E como vai a atividade garimpeira na região?, perguntamos:
“O setor produtivo, o garimpeiro vai
bem. Nós estamos vendo que existem várias frentes de garimpo, várias
operações, e o volume de ouro sendo comercializado em nosso município é
bom. Basta ver o número de escavadeiras que são vendidas e negociadas
por ano, ou por mês no nosso Município; basta verificar a quantidade de
óleo diesel que é direcionado para a atividade garimpeira em Itaituba;
basta ver, nos últimos anos, quantos aviões a mais passaram a atuar
nesse setor. Os altos e baixos em função das chuvas são normais; a gente
convive com isso há muito tempo, mas, a produção está bem. O que nós
alertamos sempre, para que a gente permaneça bem, sobretudo, no nosso
Município, diz respeito às questões de ações por parte do governo, por
causa das questões ambientais, ações essas feitas pelo Ibama e ICMBio,
em virtude de garimpos não regulamentados. Devemos caminhar sempre rumo
em busca pela legitimidade e legalidade; nós não devemos nos esconder;
como garimpeiros, nós temos de ter orgulho de sermos o que nós somos,
mas, nós devemos também entender que toda condição estabelece uma
obrigação, e nós temos que buscar a legalização da atividade, desde a
produção até a venda”, alertou.
Existe quem reclame do governo
cobrar imposto do garimpeiro. Tem quem ache que garimpeiro deveria ser
isento. E não é pouco gente. Qual é sua opinião?

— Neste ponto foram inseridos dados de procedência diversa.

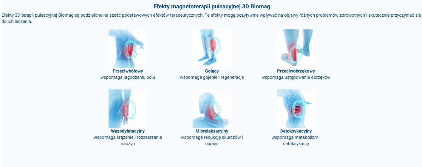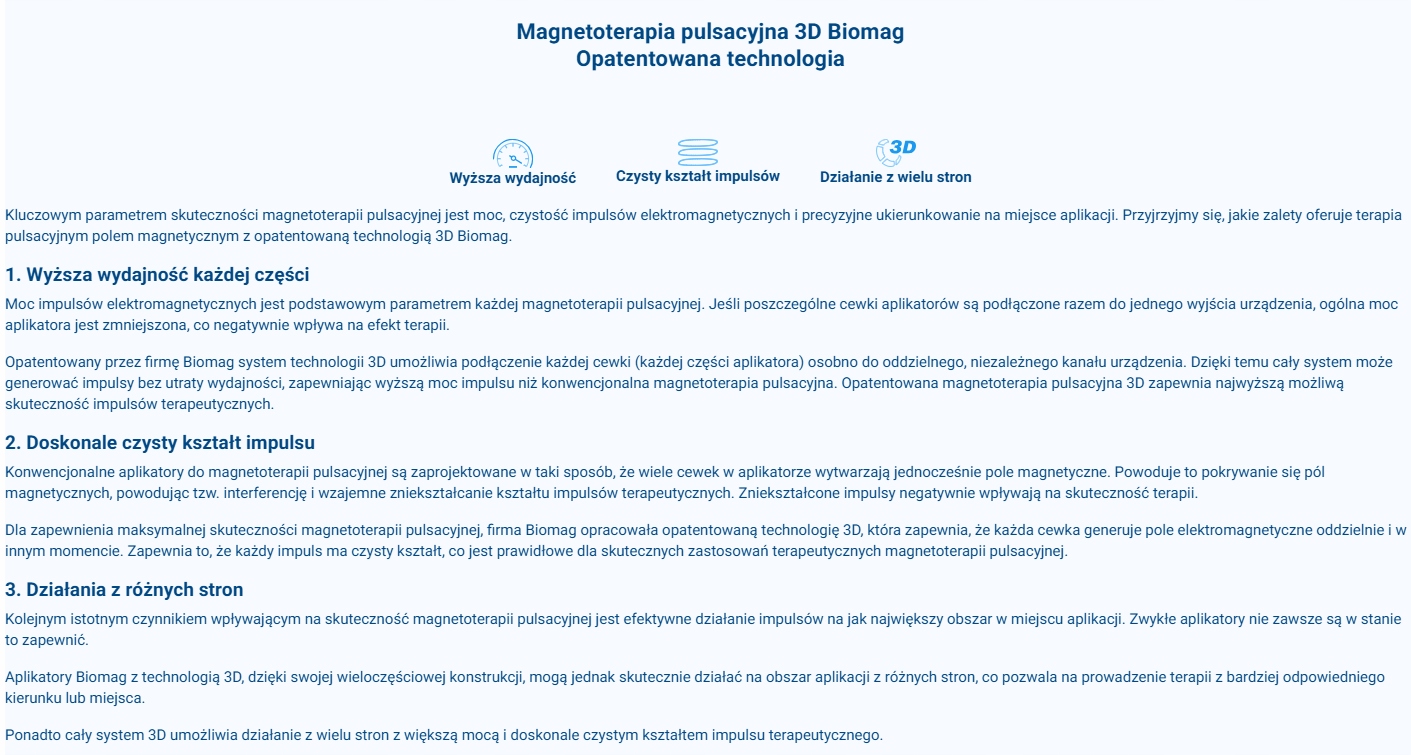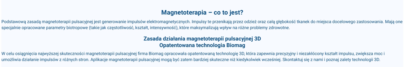 Podstawową zasadą magnetoterapii pulsacyjnej jest generowanie impulsów elektromagnetycznych. Impulsy te przenikają przez odzież oraz całą głębokość tkanek do miejsca docelowego zastosowania. Mają one specjalnie opracowane parametry biotropowe (takie jak częstotliwość, kształt, intensywność), które maksymalizują wpływ na różne problemy zdrowotne.

“Sobre esse ponto da incidência de
imposto na comercialização do ouro, as pessoas distorcem as informações,
e muitas vezes, até chegam acusando que a gente quer forçar o
garimpeiro a pagar tributo, ou coisa parecida. Na realidade, eu me sinto
muito tranquilo e à vontade, porque eu sei de toda minha história no
ramo do ouro e principalmente na defesa do garimpo. Essa não é uma
história de hoje, pois, eu tenho 31 anos de atividade no ramo do ouro.

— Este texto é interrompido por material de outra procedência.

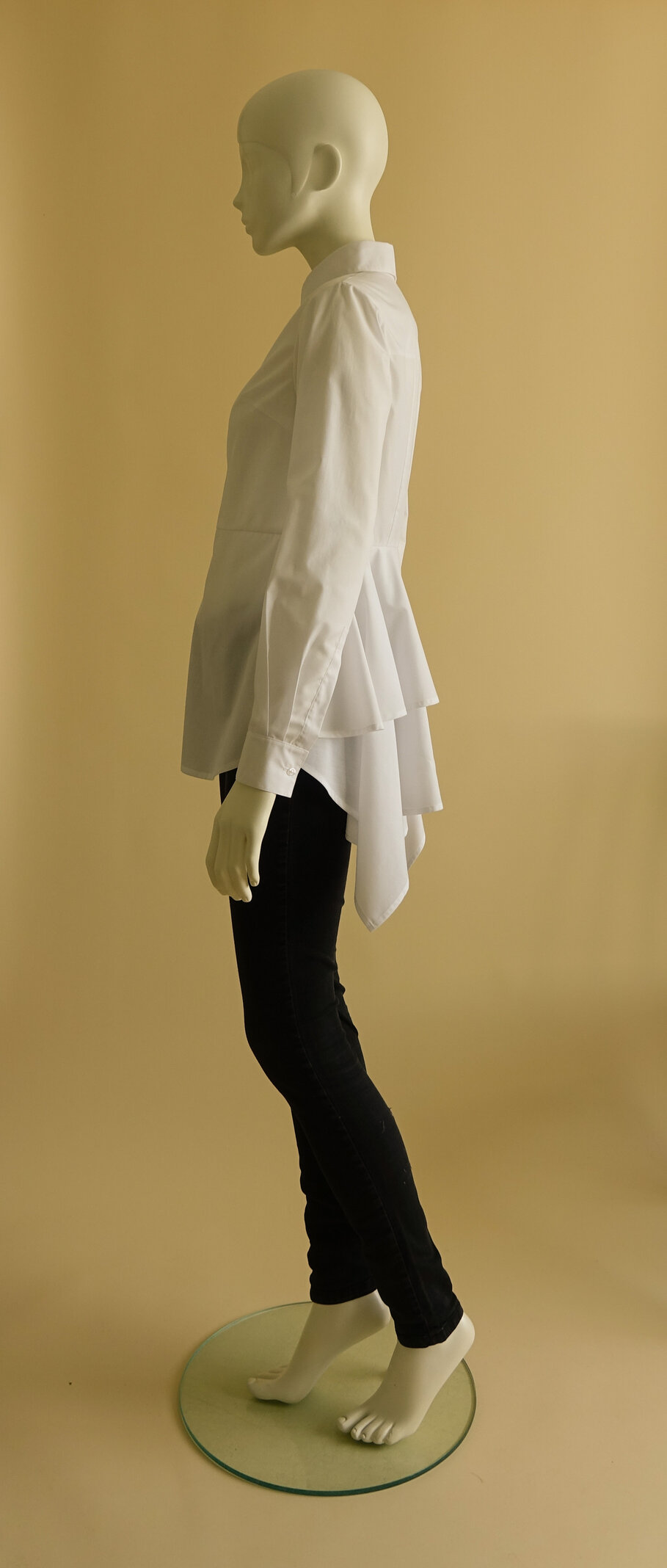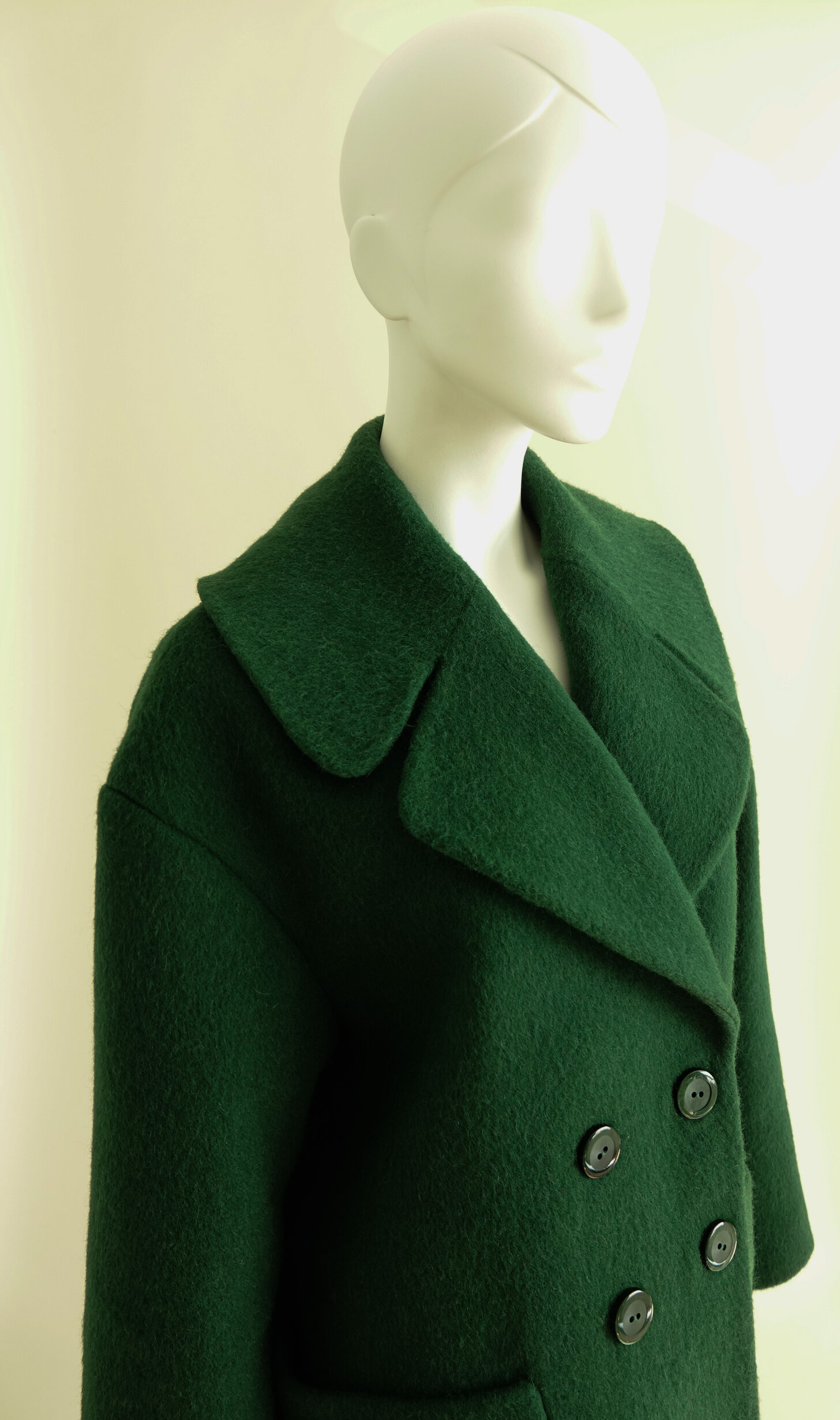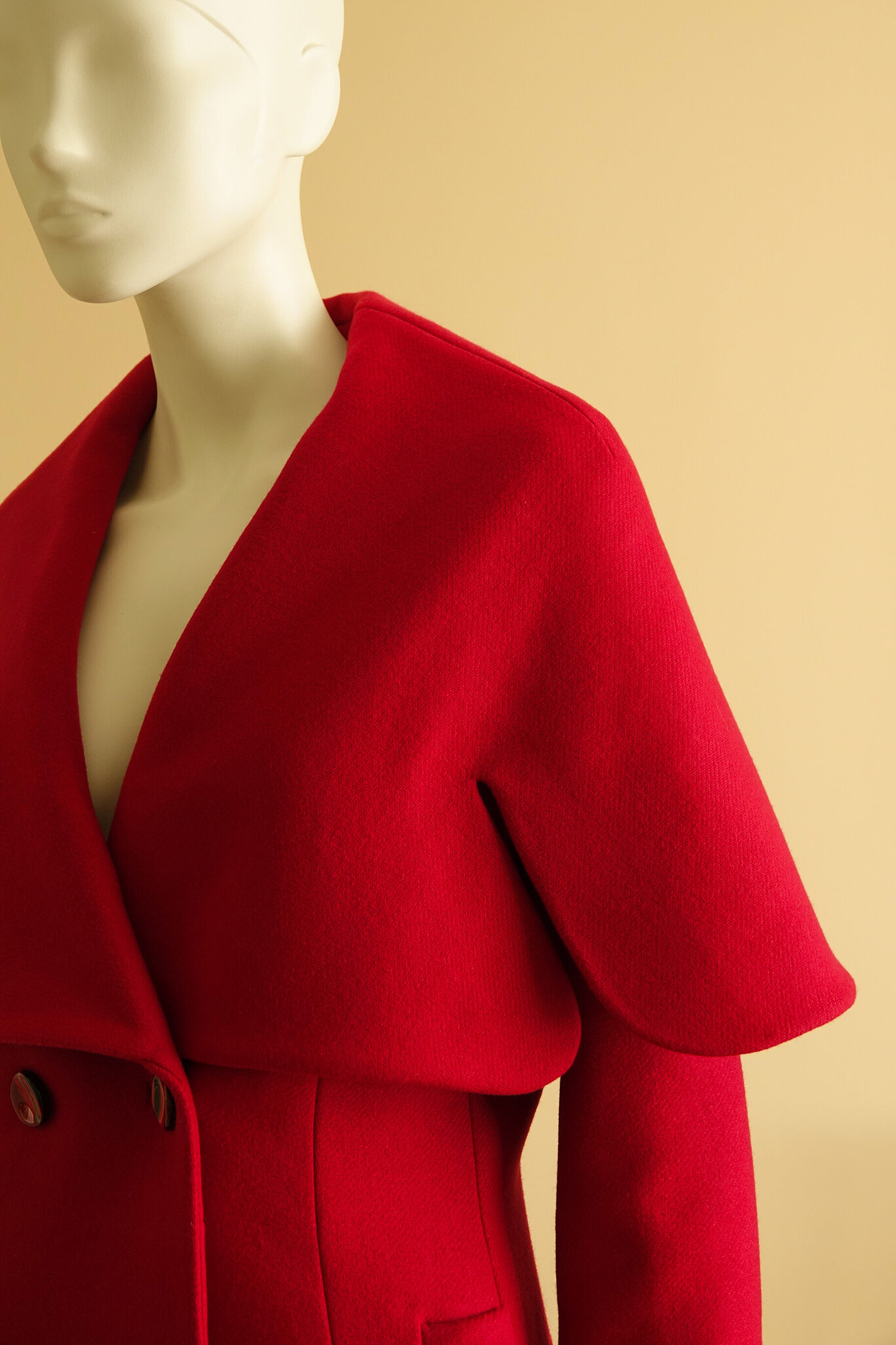 Een opvallende kraag is een echte blikvanger. De rode mantel is een replica van een Dior ontwerp. De kraag valt als een soort cape om de schouders. Door de hoge staander sluit de kraag van de groene mantel comfortabel om de hals. De uiteindelijke vorm ontstaat door moulage.

Dediquei-me, sempre, ao município de Itaituba para buscar as melhores
condições para desenvolver a orientação educacional para desenvolver o
garimpo. Como Secretário de Mineração que fui, fiz o que esteve ao meu
alcance para facilitar a vida do garimpeiro. Hoje, a SEMMA está dando as
licenças ambientais, e aqui, quero registrar o reconhecimento de que o
atual governo municipal está concedendo as licenças, procurando agilizar
o trabalho, em vez de emperrar. Atualmente, como empresário do setor do
ouro, como presidente da Anoro e como dono de uma distribuidora de
valores, estou vendo que tudo aquilo que foi trabalhado e construído ao
longo do tempo é destruído por uma questão que não é justa, pois não é
justo que não se recolham tributos ao Município. Torno a dizer: esses
tributos sobre o ouro são muito baixos. Nós não devemos destruir o
caminho de legalidade, que é duramente construído, para a gente não ser
tratado como bandido. Hoje, o que eu vejo são bandidos aproveitando-se
da situação, travestindo-se de empresários, sem recolher absolutamente
nada. Esse pessoal usa dessa forma ilegal para lidar com o segmento de
compra de ouro, enquanto as empresas que são formalizadas estão
necessitando reduzir, ou até fechar suas portas, porque não têm saída.
Uma empresa que não fatura, você sabe, aguenta um tempo, tenta suportar
até onde dá, mas, chega uma hora que não dá para continuar. Esperamos e
confiamos que as autoridades, e quando digo as autoridades, faço menção
ao DNPM, à Receita Federal, ao Banco Central, à Polícia Federal e ao
Ministério Público, que se atentem ao que está acontecendo, porque o que
ocorre é uma ilegalidade que prejudica não só ao segmento do ouro, mas,
à sociedade de um modo geral. Triste é a gente estar vendo esse
movimento de comércio ilegal, de compra de ouro para lavagem de dinheiro
para o crime, sendo praticado dentro do nosso município, de forma
escancarada, aberta. E o resultado disso é que o segmento do comércio
legal de ouro, que sempre foi forte no nosso meio, tende a se
enfraquecer cada vez mais”, finalizou Dirceu Frederico Sobrinho.
Fonte: RG 15/O Impacto e Jota Parente.